======== DATA EXCERPT

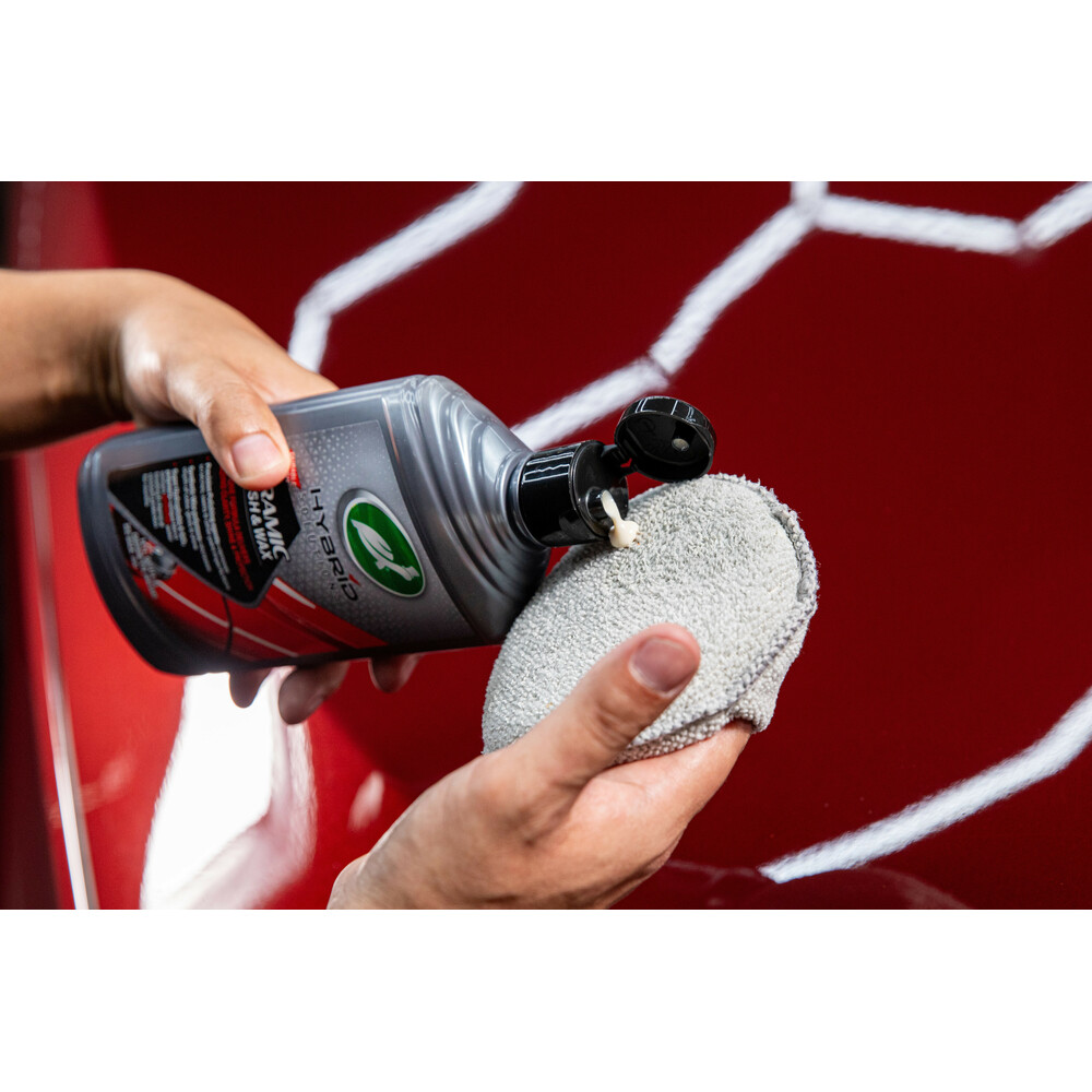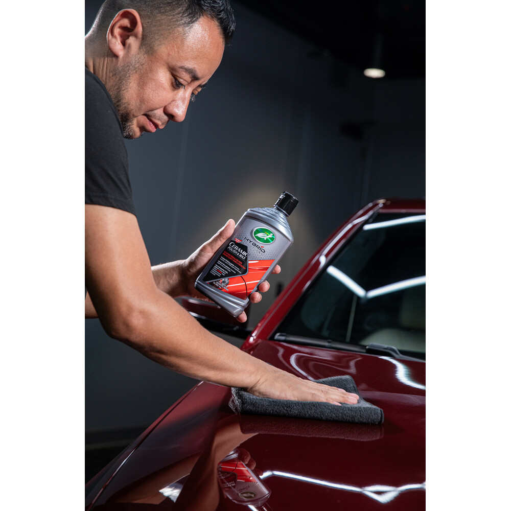 Turtle Wax Hybrid Solutions Ceramic Polish & Wax est une excellente alternative, unique et rapide aux systèmes traditionnels de correction des défauts de peinture en plusieurs applications. Ce produit est idéal pour lustrer, éliminer opacité, halos, rayures et éraflures de surface en un seul traitement, sans perdre trop de temps. Cette technologie innovante utilise des agents lustrants de précision en forme de plaquettes qui nettoient et éliminent les imperfections de la peinture, ainsi qu’une cire synthétique et des polymères super hydrophobes infusés de SiO2 pour une protection, une profondeur de couleur et une brillance maximales. Peut être appliqué à la main ou avec une lustreuse pour éliminer les micro-rayures, l'oxydation ou simplement l'opacité, pour une restauration extraordinaire de la peinture en une seule opération.
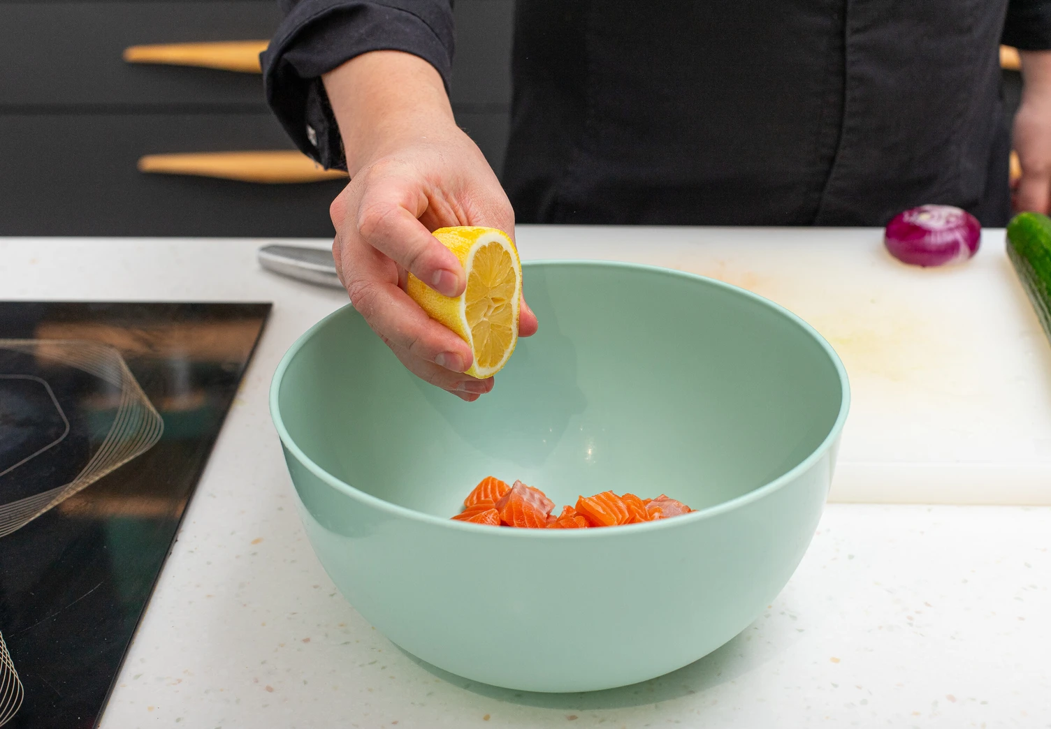 Смешайте форель с солью, чёрным перцем и соком лимона, оставьте мариноваться на 5–8 минут.
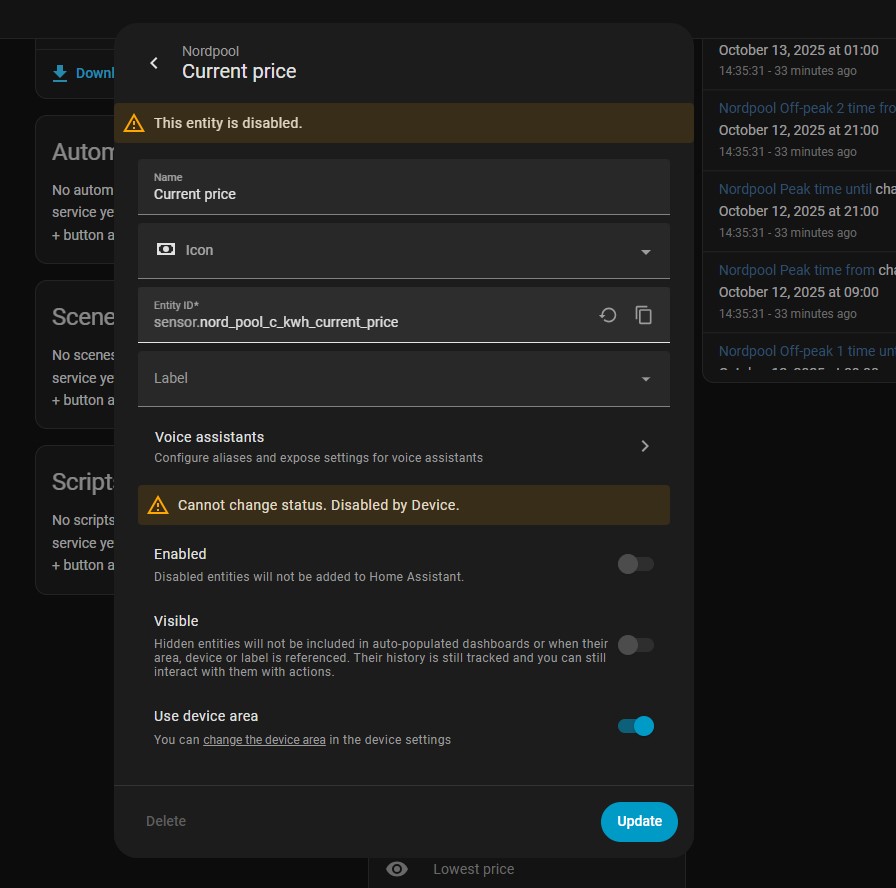 I have been trying to migrate from the Nordpool custom component to the official HA integration but I´m stuck with 6 of 24 sensors disabled by default with message “Cannot change status. Disabled by Device” and there is no way to enable it. Feels like I tried everything. Any ideas?

================

## WHAT YOU HAVE TO DO
Transcribe exactly the portion of the material above that runs from the line containing "Смешайте форель с" through its last line, omitting all pictures.

## WRITTEN RESPONSE
 Смешайте форель с солью, чёрным перцем и соком лимона, оставьте мариноваться на 5–8 минут.
 I have been trying to migrate from the Nordpool custom component to the official HA integration but I´m stuck with 6 of 24 sensors disabled by default with message “Cannot change status. Disabled by Device” and there is no way to enable it. Feels like I tried everything. Any ideas?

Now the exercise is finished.